Routino : Numerical Limits


32/64-bit Data IDs

The OpenStreetMap data uses a numerical identifier for each node, way and relation. These identifiers started at 1 and increase for every new item of each type that is added. When an object is deleted the identifier is not re-used so the highest identifier will always be higher than the number of objects.

The identifier needs to be handled carefully to ensure that it does not overflow the data type allocated for it. Depending on the data type used to store the identifier there are are a number of numerical limits as described below:

  1. If a signed 32-bit integer is used to store the identifier then the maximum value that can be handled is 2147483647 (231-1) before overflow.
  2. If an unsigned 32-bit integer is used to store the identifier then the maximum value that can be handled is 4294967295 (232-1) before overflow.
  3. If a signed 64-bit integer is used to store the identifier then the maximum value that can be handled is 9223372036854775807 (263-1) before overflow.
For the purposes of this document the possibility of overflow of a 64-bit integer is ignored.

The part of Routino that handles the node, way and relation identifiers is the planetsplitter program.

ID Above 31-bits

The first identifier exceeding 31-bits (for a node) is predicted to be created in the OpenStreetMap database in February 2013.

All versions of Routino use unsigned 32-bit integers to store the identifier. Therefore all versions of Routino will continue working correctly when node number 2147483648 (231) or higher is present.

ID Above 32-bits

The ability of Routino to handle identifiers larger than 32-bits does not depend on having a 64-bit operating system.

Before version 2.0.1 of Routino there was no check that the identifier read from the input data would fit within an unsigned 32-bit integer. Earlier versions of Routino will therefore fail to report an error and will process data incorrectly when node number 4294967296 (232) or higher is present.

From version 2.0.2 the code is written to allow the node, way and relation identifier data type to be changed to 64-bits. This means that a consistent data type is used for handling identifiers and the format used for printing them is consistent with the variable type.

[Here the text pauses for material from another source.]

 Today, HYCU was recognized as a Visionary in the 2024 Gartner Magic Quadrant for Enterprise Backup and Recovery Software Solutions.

From version 2.0.2 onwards it is possible to make a simple change to the code to process data with node identifiers above 4294967296 (232) without error. The binary format of the database will be unchanged by the use of 64-bit identifiers (since the identifiers are not stored in the database).

To recompile with 64-bit node identifiers the file src/typesx.h should be edited and the two lines below changed from:

typedef uint32_t node_t;

#define Pnode_t PRIu32
to:
typedef uint64_t node_t;

#define Pnode_t PRIu64

A similar change can also be made for way or relation identifiers although since there are currently fewer of these the limit is not as close to being reached.

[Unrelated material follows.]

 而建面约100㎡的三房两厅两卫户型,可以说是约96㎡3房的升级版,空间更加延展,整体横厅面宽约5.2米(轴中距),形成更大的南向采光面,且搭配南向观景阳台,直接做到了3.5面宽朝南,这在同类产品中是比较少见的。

Between version 2.0.2 and version 2.4 a bug means that route relations will ignore the way or relation identifier if it is equal to 4294967295 (232-1).

From version 2.4 onwards when a numerical limit is reached the planetsplitter program will exit with an error message that describes which limit was reached and which data type needs to be changed.

Database Format

The other limitation in Routino is the number of objects stored in the database that is generated by the planetsplitter data processing. This number may be significantly different from the highest identifier in the input data set for two reasons. Firstly any nodes, ways or relations that have been deleted will not be present in the data. Secondly when a partial planet database (continent, country or smaller) is processed there will be only a fraction of the total number of nodes, ways and relations.

The limiting factor is the largest of the following.

  1. The number of nodes in the input data files.
  2. The number of segments in the input data files.
  3. The number of highways in the input data files.
  4. The number of relations in the input data files.
Normally the number of nodes will be the limiting factor.

32-bit Indexes

Before version 1.2 the database could hold up to 4294967295 (232-1) items of each type (node, segment, way) since an unsigned 32-bit integer is used.

Versions 1.3 to 1.4.1 have a limit of 2147483647 (231-1) items since half of the 32-bit integer range is reserved for fake nodes and segments that are inserted if a waypoint is not close to a node.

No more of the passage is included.